In conclusion, I believe that the above issues and concerns would deserve adequate attention on behalf of “Decision Makers”, together with “ad hoc” research efforts on behalf of the Scientific Community.
Giovanni DI GUARDO, DVM, Dipl. ECVP,
Scientific Editor,
“Research in Veterinary Science”,
Professor of “General Pathology and
Veterinary Pathophysiology”,
University of Teramo,
Faculty of Veterinary Medicine,
Località Piano d’Accio,
64100 – Teramo, Italy
(E-mail address: [email protected])
I am a little bit puzzled about the decision of the WHO. Chikungunya, a closely related virus caused some 540 000 cases in the Dominican Republic within 15 months and has spread to vast areas in America as well – and it is spreading still.
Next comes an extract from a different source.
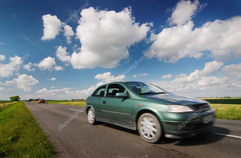- Car on road through countryside with beauty clouds

An estimated number of some 360 mio. of Dengue cases (published in Nature) and thousands of deaths occur each year with some 1.6 mio. cases in 2015 in Brazil alone – and WHO never declared a PHEIC because of Dengue. Now Zika virus, an agent known since more than 60 years that usually doesn´t kill people pops up in Latin America – by the way transmitted by the same mosquito – and results in an PHEIC ?? I don´t want to play Zika down and diseases like microcephaly and GBS must be taken very seriously – but is this a balanced decision? Who are the drivers involved in the decision making process which resulted in ignoring Ebola in West Africa for far too long (a catastrophy WHO must be taken responsible for) and now pushing Zika like almost in panic?